Chapter 3: Nigga Dat’s Whack

Today was the day. They were only miles away from Southern Penis, the majestic city that Sentenal had built somehow even though it was physically impossible, even with all the stupid niggers he was capturing to work for him. But why were they going there? Why was PR after Sentenal? Who names their city Southern Penis? PZ still had no clue why they were headed there. So, he did what any bro would do. He stopped the car, pouted, and refused to move until PR explained everything to him.

PR sighed and ran his hand through his luxurious hair and… this is kind of fucking homosexual. “Okay, if you must know,” PR started, turning to face PZ, “I’m after Sentenal to rescue a woman.”

“Aw shiet, must be some fine ass bitch, huh?” PZ said, nudging PR with his elbow and winking.

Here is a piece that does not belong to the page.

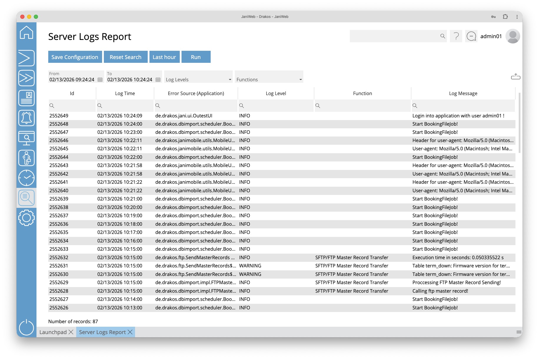 Use the menu item Server Log to display a list of all system events.
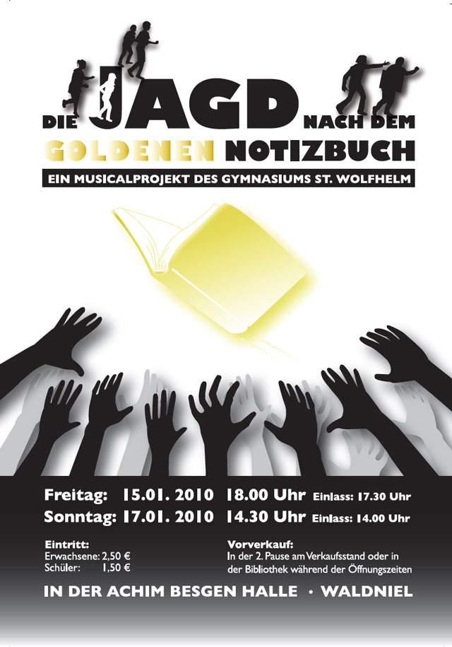Plakat: "Die Jagd nach dem goldenen Notizbuch"

“Uh, actually it’s someone I’ve never met. Her name is Kayzen, and all of FEFF wants her vag for some reason, which is why they assigned me, the strongest fighter in the world, the task of taking her back from Sentenal, who kidnapped her for his devious penis schemes and plots; not to mention he has probably been doing evil penis things to her this whole time.”

“…Is this why they call you the End of the Whatever Savior?”

“…Most likely yeah…”

“…Damn dude. That fucking sucks.”

So having explained the situation to PZ, the bros got back into their Impala and continued their journey, the last few miles until they reached Southern Penis; the imperial city of Sentenal where the final showdown would occur. They stepped out of their ballin’ vehicle, only to have their jaws drop open.

“Damn, this place fucking sucks,” PZ noted, taking a good look around at the ruined city of Southern Penis. Everything was burnt, and what were supposed to be tall, majestic buildings in the shape of an erect penis were as flaccid as a transvestite’s dick after seeing Laharl’s face.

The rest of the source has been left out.